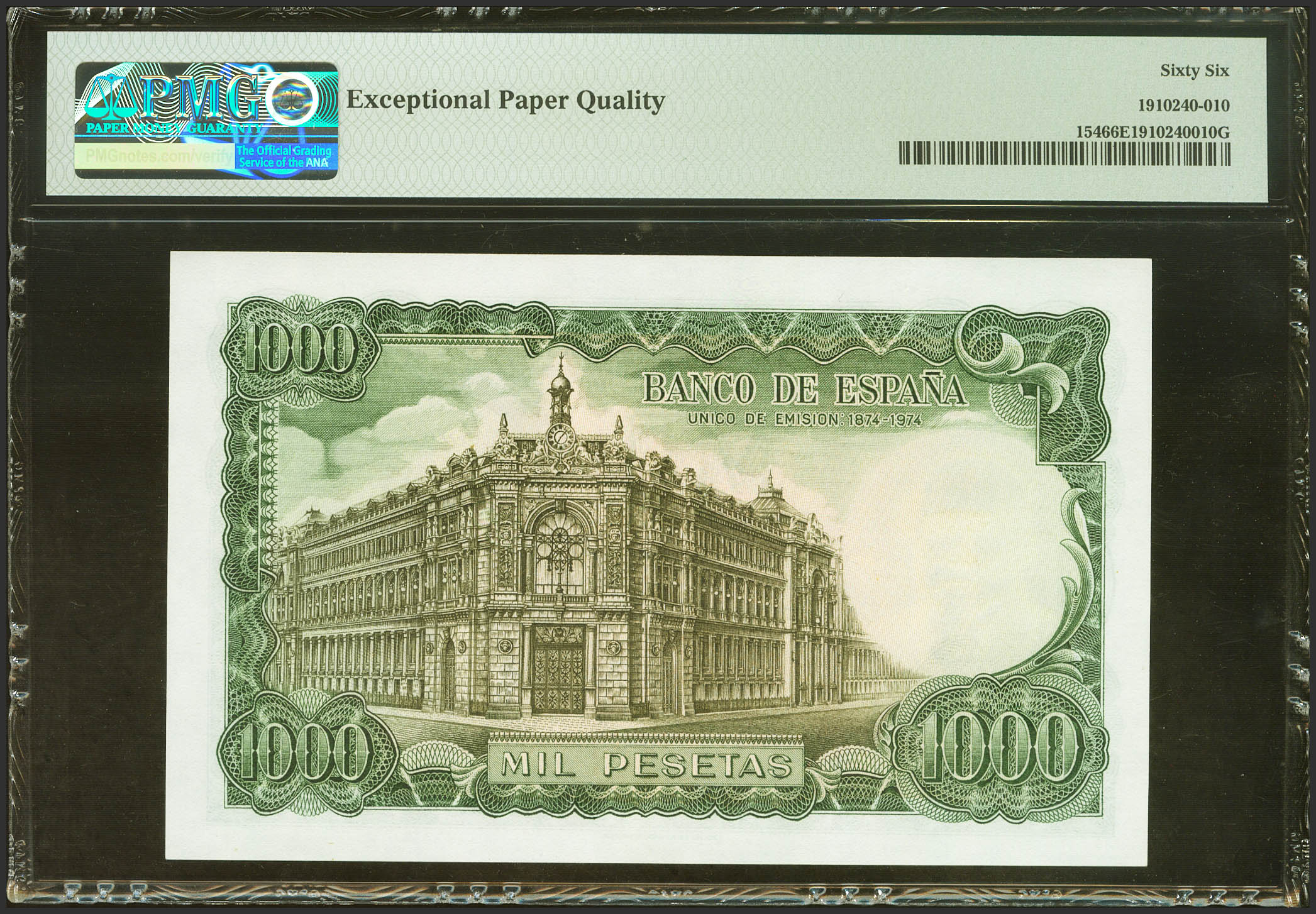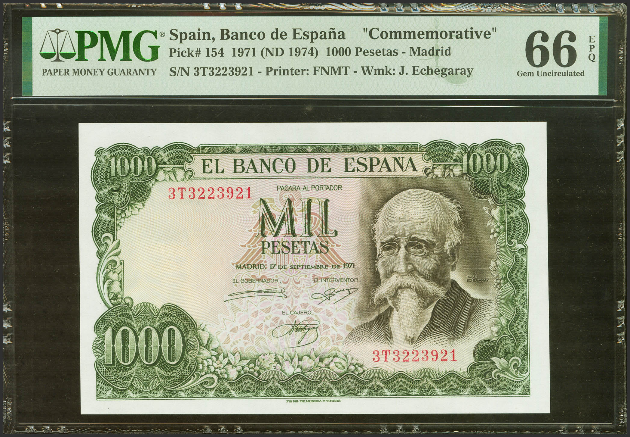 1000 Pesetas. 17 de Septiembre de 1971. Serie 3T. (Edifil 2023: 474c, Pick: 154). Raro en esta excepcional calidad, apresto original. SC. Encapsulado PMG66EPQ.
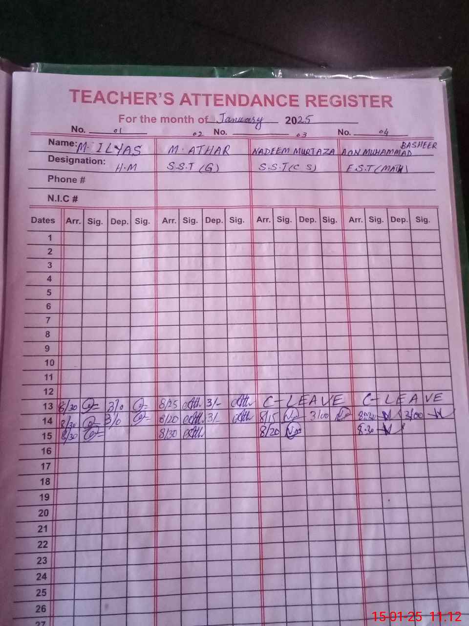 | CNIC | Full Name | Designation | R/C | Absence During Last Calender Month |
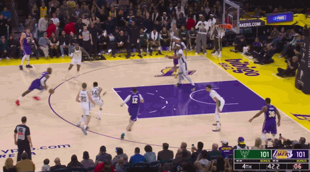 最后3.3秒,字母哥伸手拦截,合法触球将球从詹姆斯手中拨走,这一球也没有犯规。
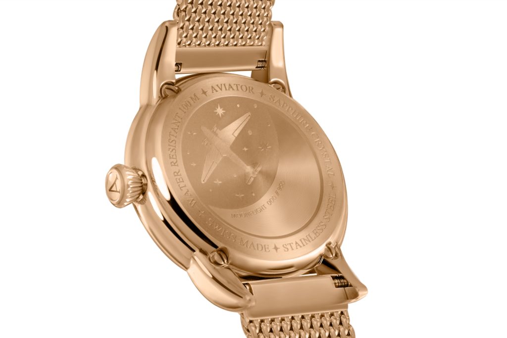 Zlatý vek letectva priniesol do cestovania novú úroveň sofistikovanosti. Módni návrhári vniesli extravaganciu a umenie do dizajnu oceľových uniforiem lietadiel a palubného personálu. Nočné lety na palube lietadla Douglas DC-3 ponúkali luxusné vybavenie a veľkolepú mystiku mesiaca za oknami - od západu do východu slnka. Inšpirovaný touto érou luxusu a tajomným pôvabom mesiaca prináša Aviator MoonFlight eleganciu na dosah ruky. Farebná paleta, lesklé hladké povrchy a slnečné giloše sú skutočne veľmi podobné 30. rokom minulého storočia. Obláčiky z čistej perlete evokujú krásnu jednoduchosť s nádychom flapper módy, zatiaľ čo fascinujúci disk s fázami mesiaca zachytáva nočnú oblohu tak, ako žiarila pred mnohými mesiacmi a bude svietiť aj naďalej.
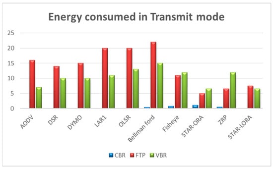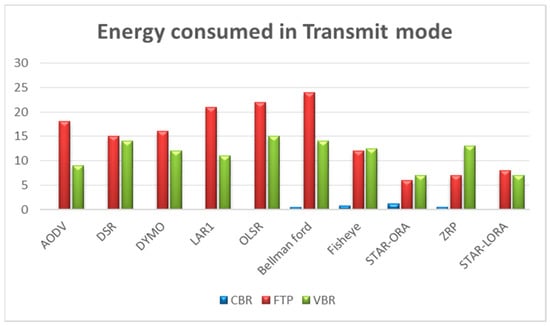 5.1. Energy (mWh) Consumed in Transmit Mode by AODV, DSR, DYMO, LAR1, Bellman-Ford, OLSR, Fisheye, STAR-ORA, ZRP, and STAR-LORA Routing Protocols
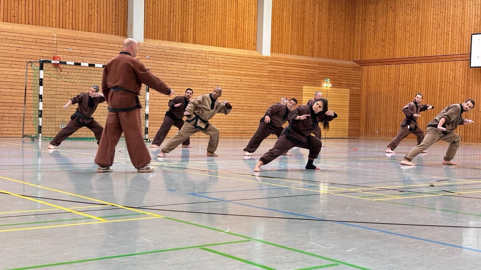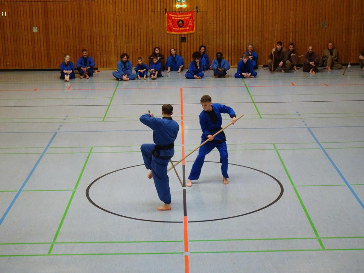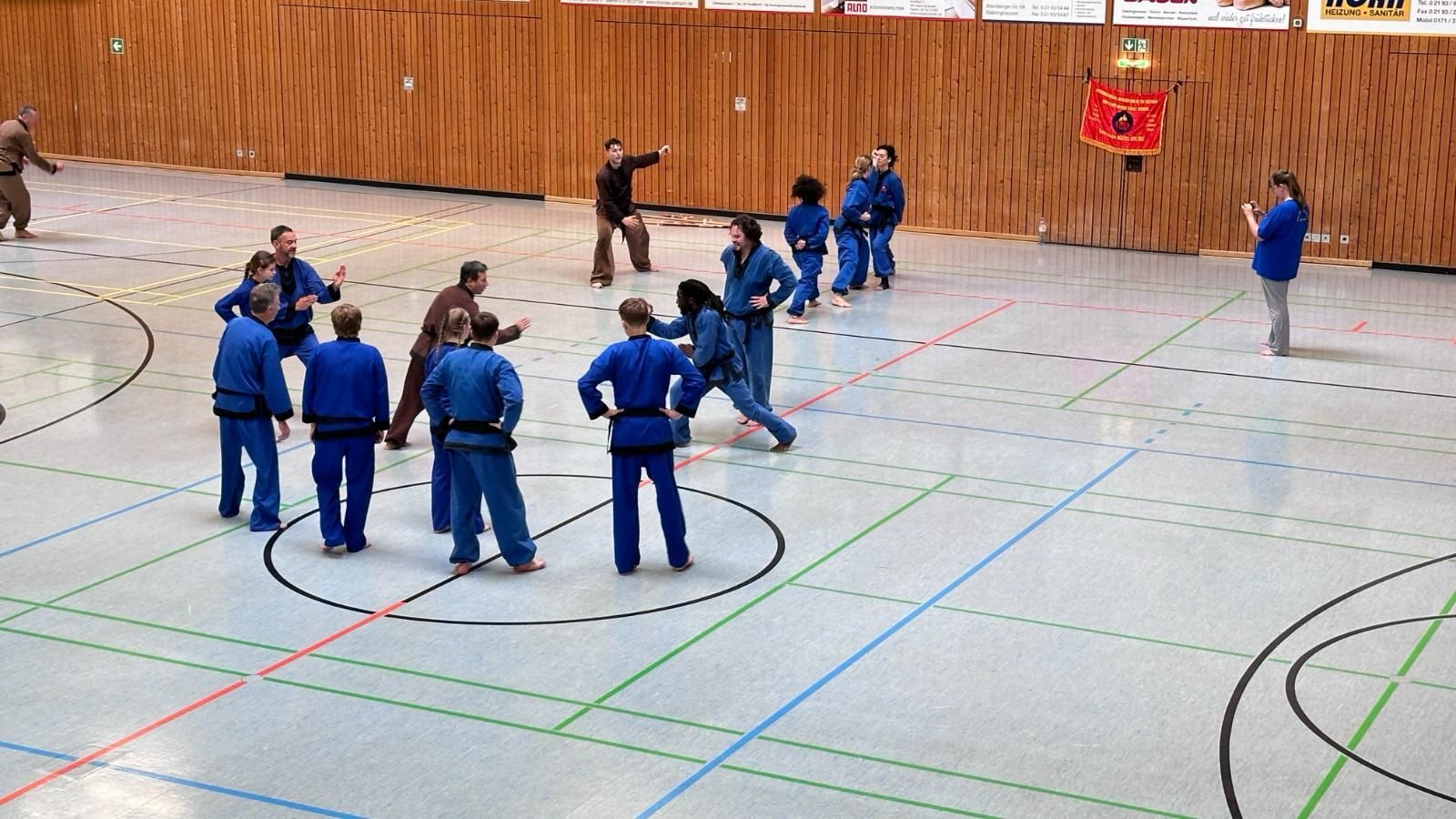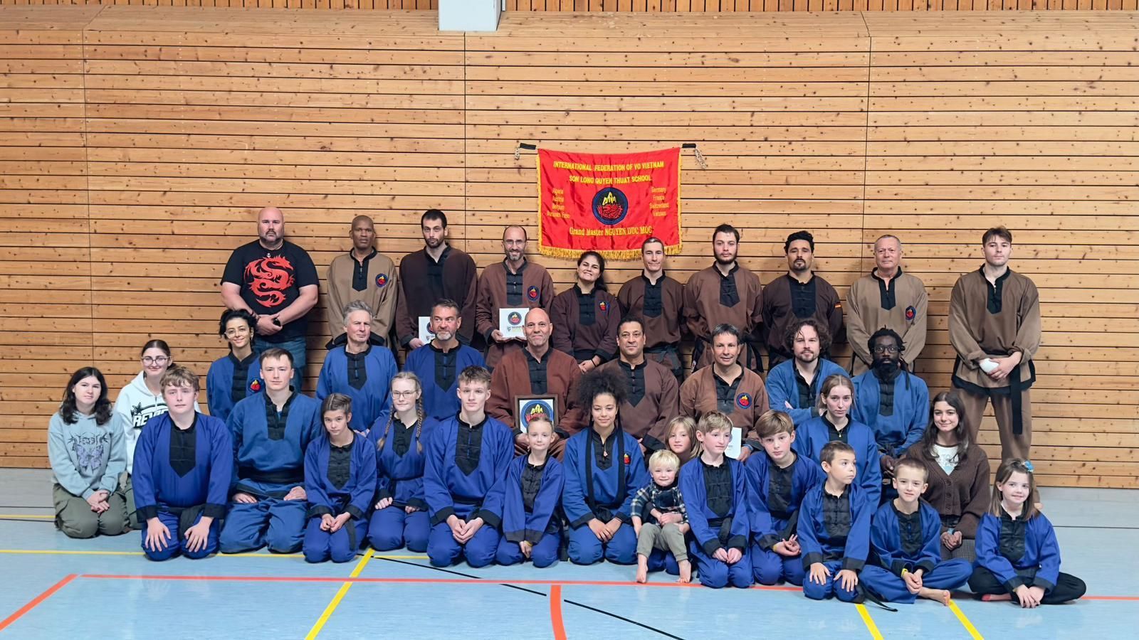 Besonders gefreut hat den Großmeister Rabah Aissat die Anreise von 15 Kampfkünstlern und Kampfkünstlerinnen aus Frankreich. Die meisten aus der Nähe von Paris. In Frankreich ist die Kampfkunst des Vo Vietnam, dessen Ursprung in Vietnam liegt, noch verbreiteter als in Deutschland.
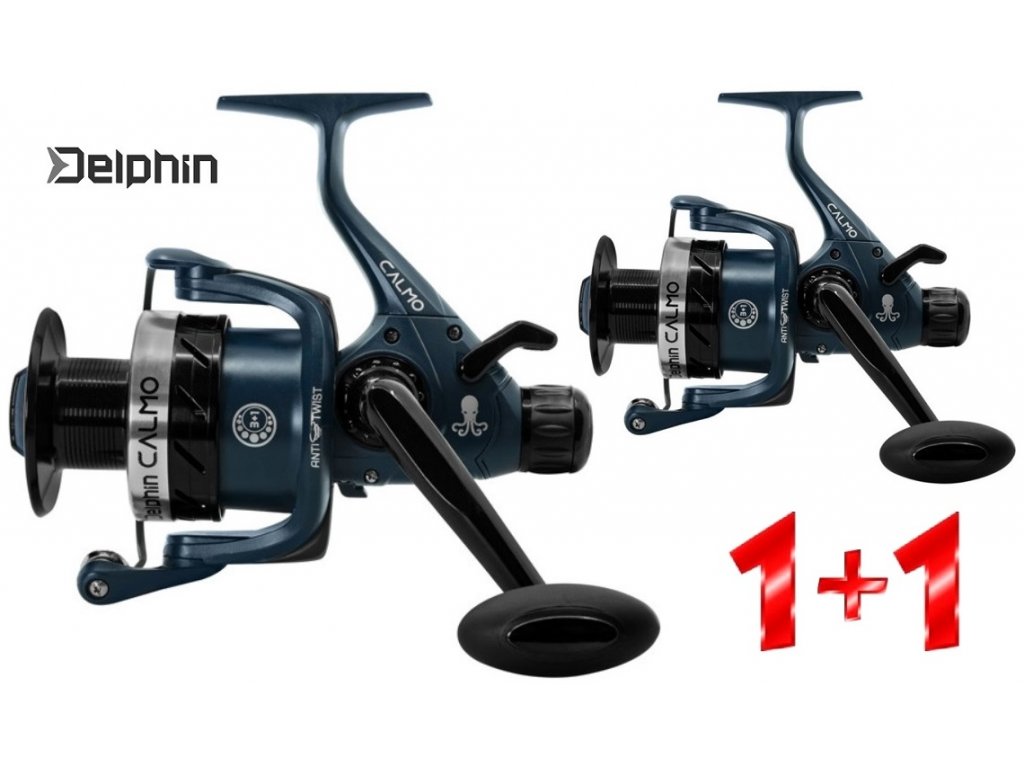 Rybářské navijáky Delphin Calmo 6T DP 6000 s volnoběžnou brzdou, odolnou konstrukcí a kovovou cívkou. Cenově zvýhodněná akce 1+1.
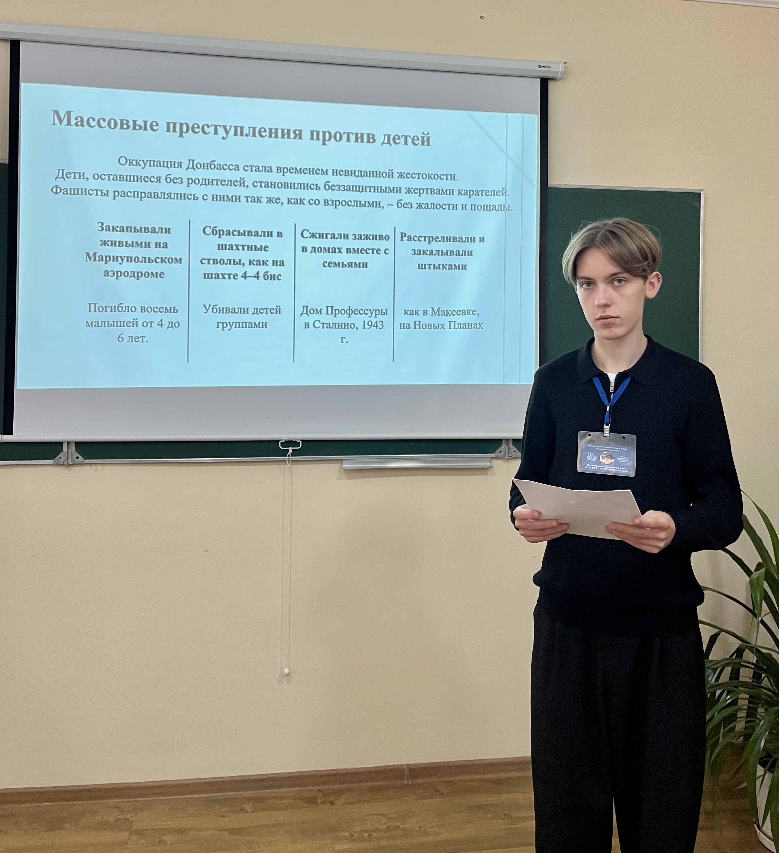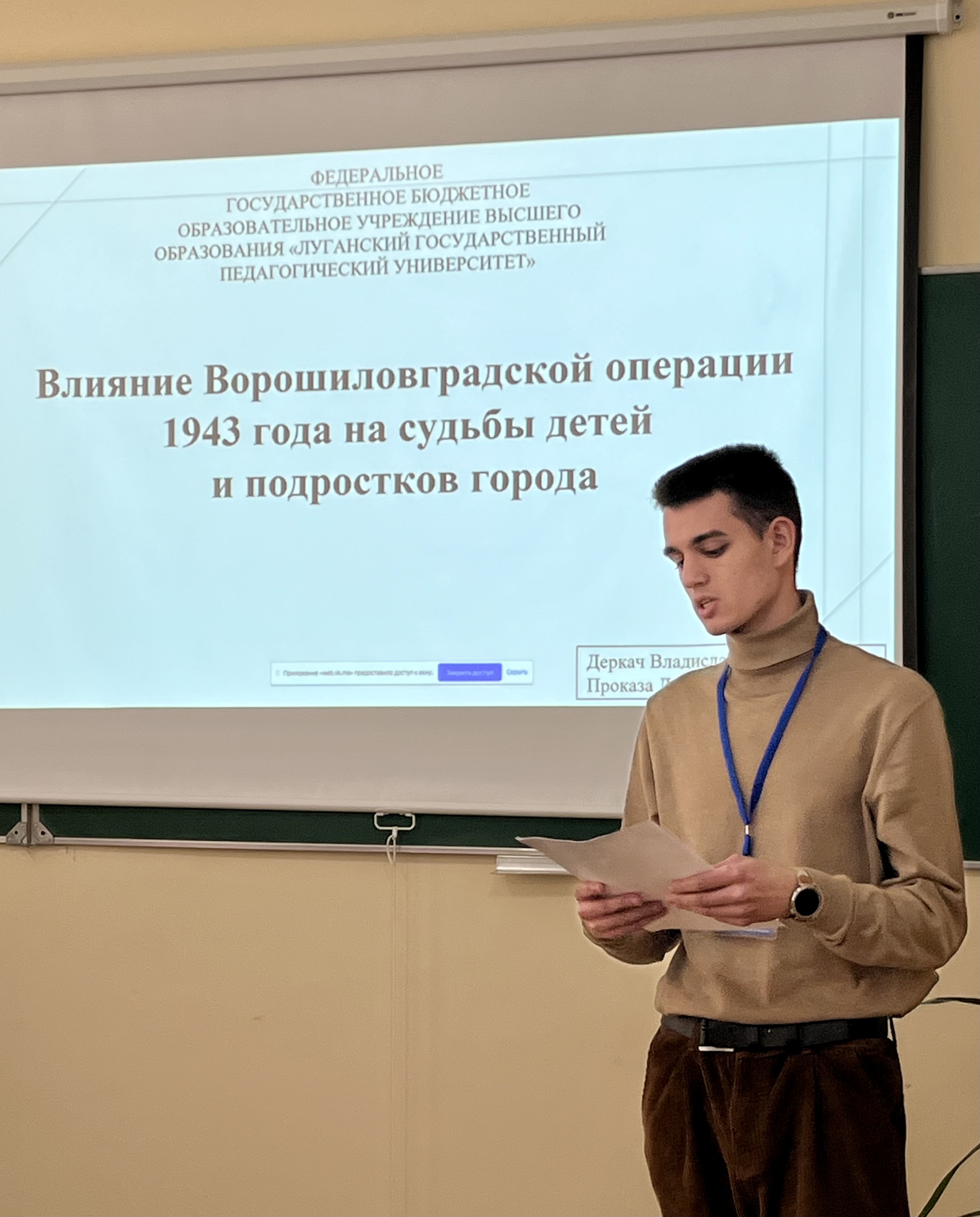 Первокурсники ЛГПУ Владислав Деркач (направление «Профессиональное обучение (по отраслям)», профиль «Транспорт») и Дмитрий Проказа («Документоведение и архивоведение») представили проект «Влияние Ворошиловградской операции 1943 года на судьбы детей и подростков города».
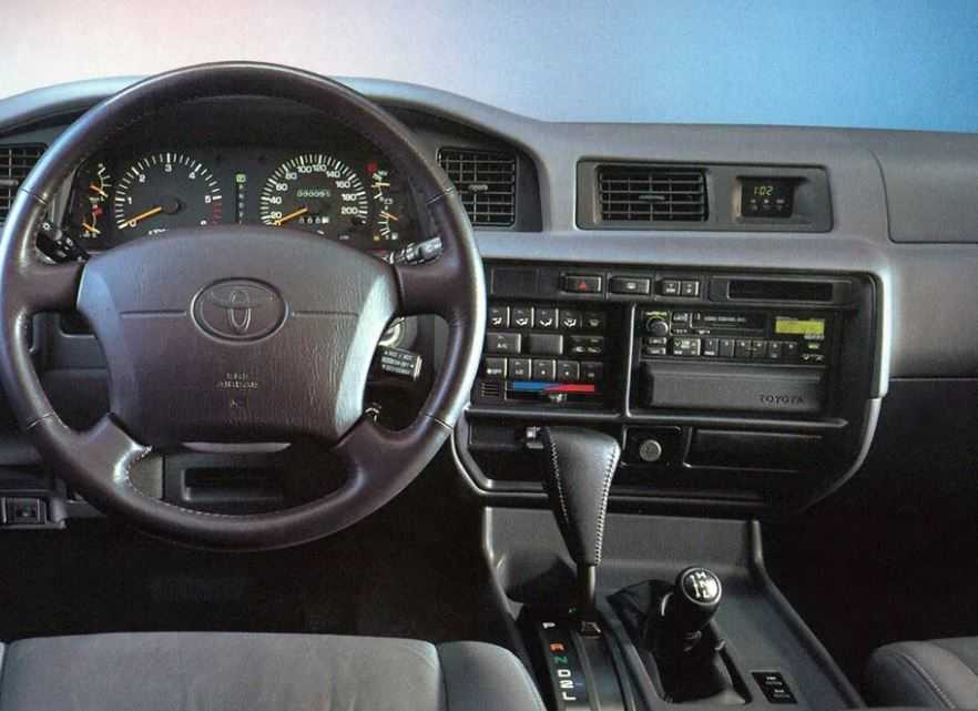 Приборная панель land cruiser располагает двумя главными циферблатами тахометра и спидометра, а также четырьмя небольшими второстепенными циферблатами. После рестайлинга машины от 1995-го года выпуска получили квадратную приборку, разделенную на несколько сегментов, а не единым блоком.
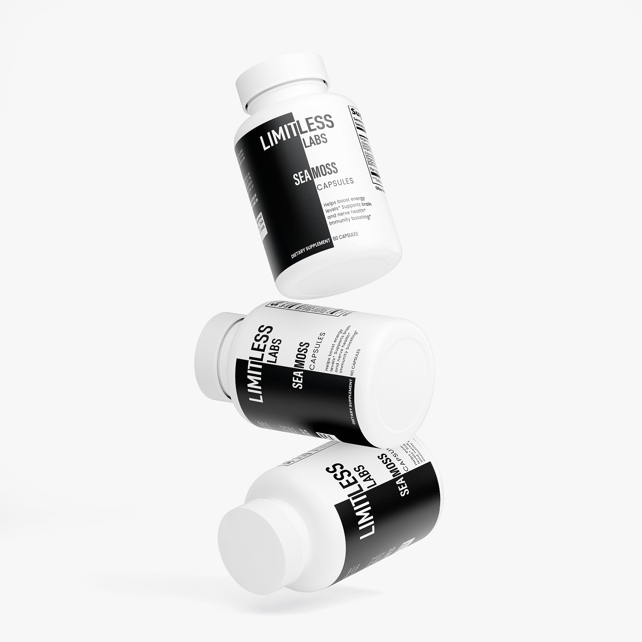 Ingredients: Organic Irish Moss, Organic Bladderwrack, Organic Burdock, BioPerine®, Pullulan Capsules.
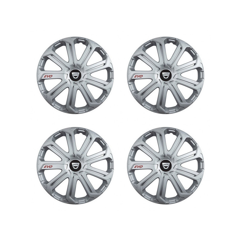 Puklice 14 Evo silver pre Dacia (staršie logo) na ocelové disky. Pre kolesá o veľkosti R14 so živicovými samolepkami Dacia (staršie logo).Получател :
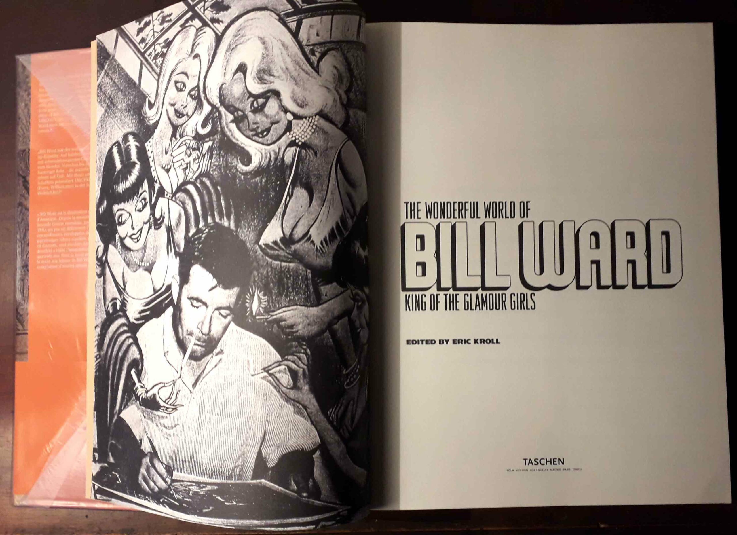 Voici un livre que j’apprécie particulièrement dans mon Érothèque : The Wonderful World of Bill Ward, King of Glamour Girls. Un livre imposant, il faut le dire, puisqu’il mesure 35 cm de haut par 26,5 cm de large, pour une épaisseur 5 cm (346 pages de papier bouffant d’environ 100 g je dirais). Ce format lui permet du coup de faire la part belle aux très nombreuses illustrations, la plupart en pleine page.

- TASK DETAILS -
Output everything in the material exactly. Pictures stay out of it.

- EXERCISE SOLUTION -
 1000 Pesetas. 17 de Septiembre de 1971. Serie 3T. (Edifil 2023: 474c, Pick: 154). Raro en esta excepcional calidad, apresto original. SC. Encapsulado PMG66EPQ.
 | CNIC | Full Name | Designation | R/C | Absence During Last Calender Month |
 最后3.3秒,字母哥伸手拦截,合法触球将球从詹姆斯手中拨走,这一球也没有犯规。
 Zlatý vek letectva priniesol do cestovania novú úroveň sofistikovanosti. Módni návrhári vniesli extravaganciu a umenie do dizajnu oceľových uniforiem lietadiel a palubného personálu. Nočné lety na palube lietadla Douglas DC-3 ponúkali luxusné vybavenie a veľkolepú mystiku mesiaca za oknami - od západu do východu slnka. Inšpirovaný touto érou luxusu a tajomným pôvabom mesiaca prináša Aviator MoonFlight eleganciu na dosah ruky. Farebná paleta, lesklé hladké povrchy a slnečné giloše sú skutočne veľmi podobné 30. rokom minulého storočia. Obláčiky z čistej perlete evokujú krásnu jednoduchosť s nádychom flapper módy, zatiaľ čo fascinujúci disk s fázami mesiaca zachytáva nočnú oblohu tak, ako žiarila pred mnohými mesiacmi a bude svietiť aj naďalej.
 5.1. Energy (mWh) Consumed in Transmit Mode by AODV, DSR, DYMO, LAR1, Bellman-Ford, OLSR, Fisheye, STAR-ORA, ZRP, and STAR-LORA Routing Protocols
 Besonders gefreut hat den Großmeister Rabah Aissat die Anreise von 15 Kampfkünstlern und Kampfkünstlerinnen aus Frankreich. Die meisten aus der Nähe von Paris. In Frankreich ist die Kampfkunst des Vo Vietnam, dessen Ursprung in Vietnam liegt, noch verbreiteter als in Deutschland.
 Rybářské navijáky Delphin Calmo 6T DP 6000 s volnoběžnou brzdou, odolnou konstrukcí a kovovou cívkou. Cenově zvýhodněná akce 1+1.
 Первокурсники ЛГПУ Владислав Деркач (направление «Профессиональное обучение (по отраслям)», профиль «Транспорт») и Дмитрий Проказа («Документоведение и архивоведение») представили проект «Влияние Ворошиловградской операции 1943 года на судьбы детей и подростков города».
 Приборная панель land cruiser располагает двумя главными циферблатами тахометра и спидометра, а также четырьмя небольшими второстепенными циферблатами. После рестайлинга машины от 1995-го года выпуска получили квадратную приборку, разделенную на несколько сегментов, а не единым блоком.
 Ingredients: Organic Irish Moss, Organic Bladderwrack, Organic Burdock, BioPerine®, Pullulan Capsules.
 Puklice 14 Evo silver pre Dacia (staršie logo) na ocelové disky. Pre kolesá o veľkosti R14 so živicovými samolepkami Dacia (staršie logo).Получател :
 Voici un livre que j’apprécie particulièrement dans mon Érothèque : The Wonderful World of Bill Ward, King of Glamour Girls. Un livre imposant, il faut le dire, puisqu’il mesure 35 cm de haut par 26,5 cm de large, pour une épaisseur 5 cm (346 pages de papier bouffant d’environ 100 g je dirais). Ce format lui permet du coup de faire la part belle aux très nombreuses illustrations, la plupart en pleine page.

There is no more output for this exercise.